Fixating on a target can cause a rider to run into an object they are trying to avoid on a straight road. It can also cause a rider to either run off the side of the road or lay down their bike when trying to over correct in a turn.
So, what is target fixation and why does it occur? The simple definition is: the instinct of humans to focus and track a single object while in motion and disregard other objects.
There are two possible evolutionary explanations. First, it could have been an adaptive impulse when chasing prey. The early humans who could fixate on prey while riding an animal or running were more likely to be able to catch the animal, eat, survive longer, and pass on their genes.
A second possible explanation goes back even further in evolution — to primates surviving longer and passing on their genes. For a primate to avoid being caught by many types of their natural predators, they had to stay off the ground. To accomplish this, they had to focus on the next vine or tree limb while swinging and moving quickly.
How to avoid the negative impact of target fixation:
- On straight roads, look ahead of you, where you want to go and not just in front, where you are currently headed.
- Turn your head in the direction you want to go as your body follows your head.
- Use the natural tendency to fixate on objects in a positive way by focusing on objects beyond the curve.
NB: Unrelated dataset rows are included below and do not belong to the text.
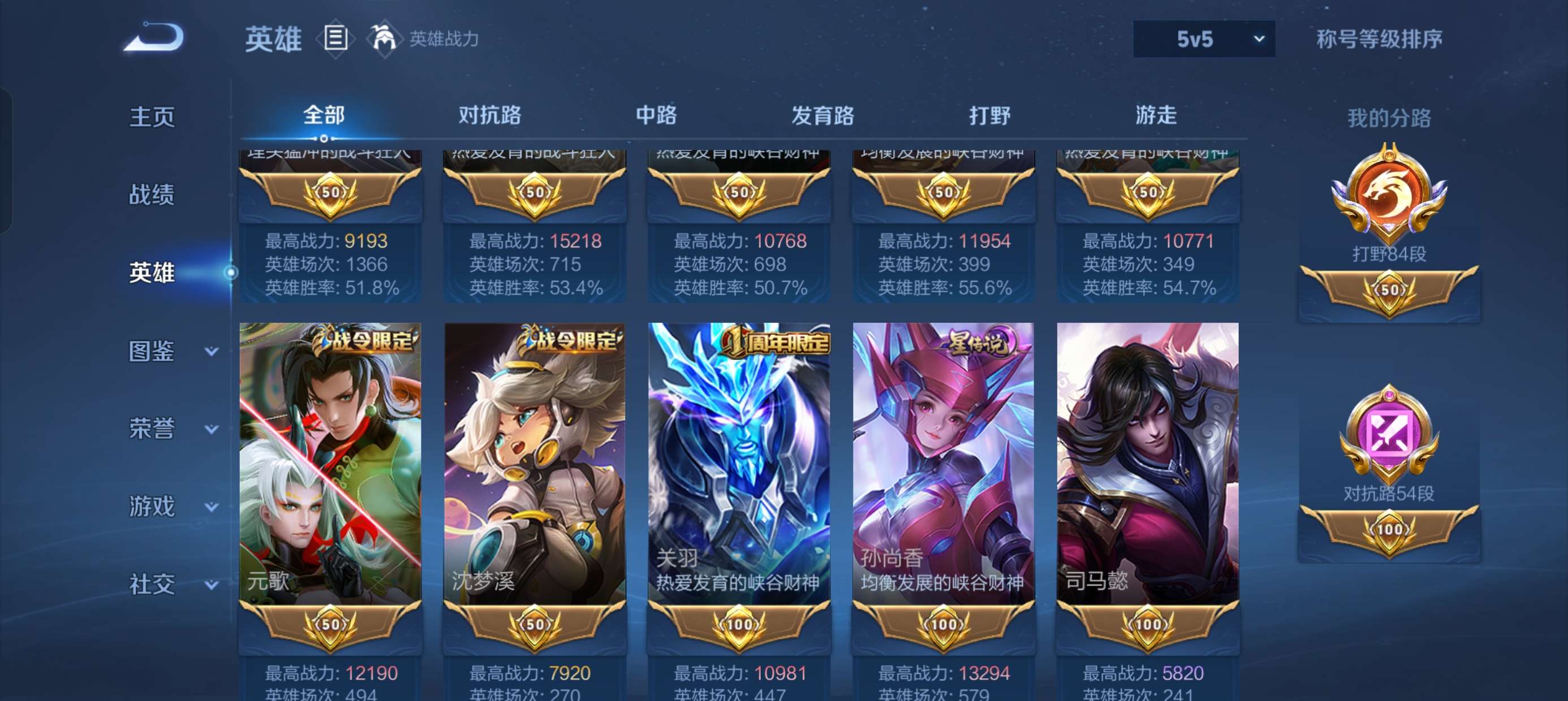贵族等级:v7皮肤数:175传说品质5 情人节限定3 生肖限定1 英雄数:122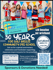 Gulf Breeze Presbyterian Church will host a 30 Year Anniversary Celebration Fundraiser for the Gulf Breeze Community Pre-School on Saturday, March 7th at 100 Andrew Jackson Trail. The event will feature Food, Bounce Houses and a Silent Auction. Sponsors and Donations are encouraged to contact Kellie Gless at kellie1230@hotmail.com. Bring your kids for a lively afternoon of fun and to see what you can win.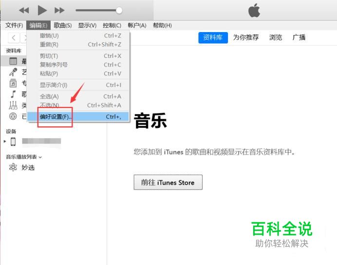 打开电脑上面的iTunes软件,找到菜单栏的“编辑”。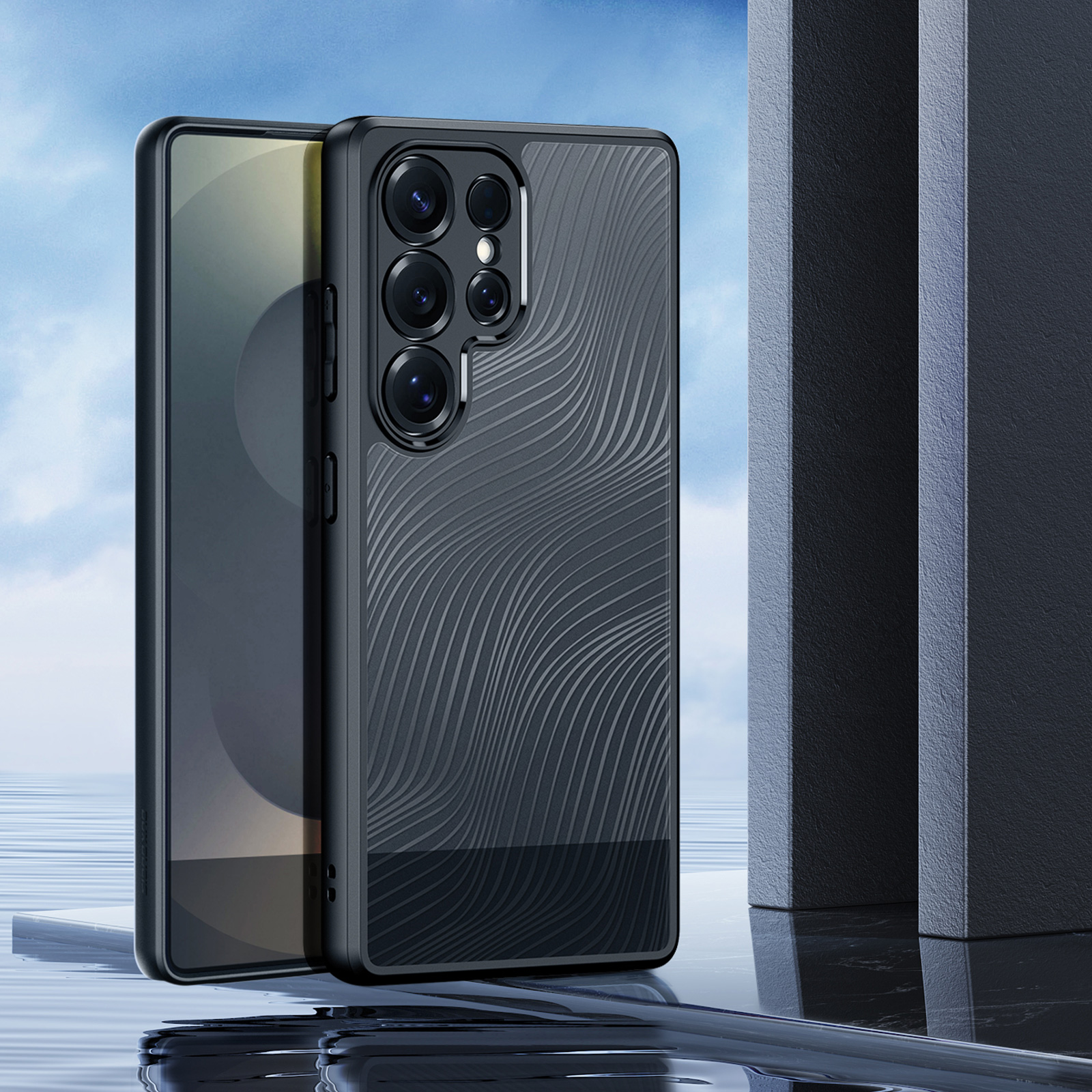 Тонкий чехол с мягкими черными рамками от Dux Ducis серии Aimo Series Case для смартфона Samsung Galaxy S25 Ultra изготавливается из экологичных материалов путем высокоточного литья под давление с высокой температурой.

- When in curves, and definitely in tight curves, there is less time to react. To help avoid losing time fixating on one target, force yourself to scan.
- Practice “looking through” turns by focusing on something at the end of the turn when riding, driving or whenever you are in motion.
Finally, if you do catch yourself fixating on a target, try and relax. When you tense up, your body changes position relative to the motorcycle and you want to be in the position you are accustomed to, especially in a pressing situation.